Price and Isakson take their seats at the witness stand. Isakson will introduce Price to the committee, of which he’s also a member. Price’s wife Betty, a member of the Georgia House, is sitting behind him, as are members of his staff. U.S. Rep. Barry Loudermilk, R-Cassville, is also in the room.

Posted at 9:50 a.m. 

With a prime fourth row aisle seat, former U.S. Rep. Phil Gingrey says he’s here to offer moral support for Price, his onetime colleague and fellow physician.

“It’s not just a personal endorsement of a good friend, but I feel very strongly he is, for this time in particular, the perfect candidate to lead HHS,” the Marietta Republican said in a brief interview before the hearing.

Gingrey, now a lobbyist who splits his time between Washington and Georgia, penned an op-ed for The Hill newspaper yesterday laying out his case for Price.

Posted at 9:30 a.m. 

Welcome, folks. The hearing room on the fourth floor of the Dirsken Senate office building is beginning to attract a crowd.

We’ve got a copy of Price’s prepared testimony for the committee. The seven-term congressman spends roughly a third of it discussing his career trajectory and what attracted him to the health care field, starting with his physician grandfather in Michigan. He does not address his financial history and speaks very little about specific plans for the Department of Health and Human Services.
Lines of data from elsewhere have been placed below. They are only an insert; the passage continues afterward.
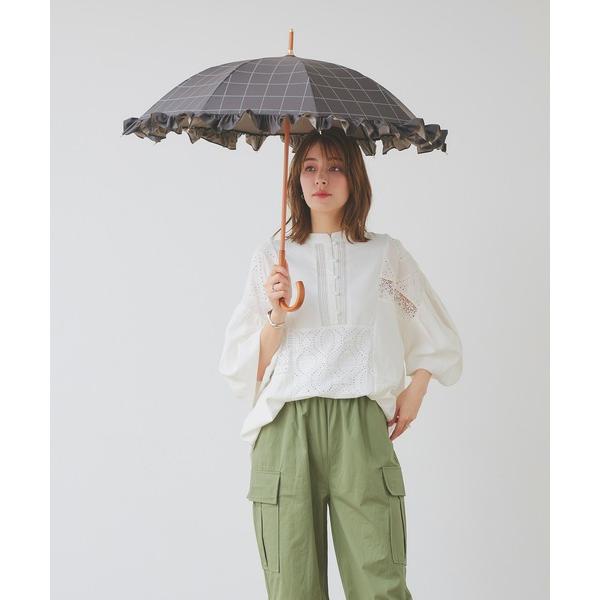 傘 完全遮光 UVカット100% 日傘 ショート傘 Paraffi パラフィ フリル チェック柄 レディース メンズ
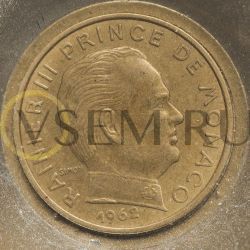 Монако 1 франк 1960-1982 Князь Ренье III (XF-UNC)
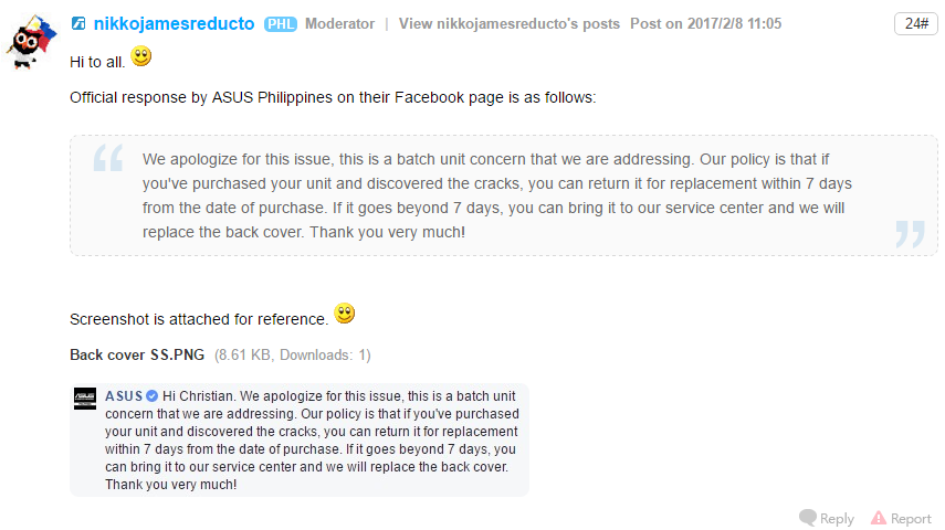 ดังการสนทนานี้ asus ฟิลิปปิน รับเปลี่ยนเครื่อง และถ้าเกิน 7 วันเปลี่ยน อะไหล่

Regarding the sprawling federal agency, he mentions six guiding principles: “affordability, accessibility, quality, choices, innovation and responsiveness.”

“We all want a health care system that’s affordable, that’s accessible to all, of the highest quality, with the greatest number of choices, driven by world-leading innovations, and responsive to the needs of the individual patient,” he plans to tell the panel.

Another notable observation. He goes out of his way to mention his bipartisan work in the Georgia Senate and House of Representatives. Former colleagues Kasim Reed, now the Democratic mayor of Atlanta, and U.S. Sen. Tammy Baldwin, D-Wis., get shoutouts.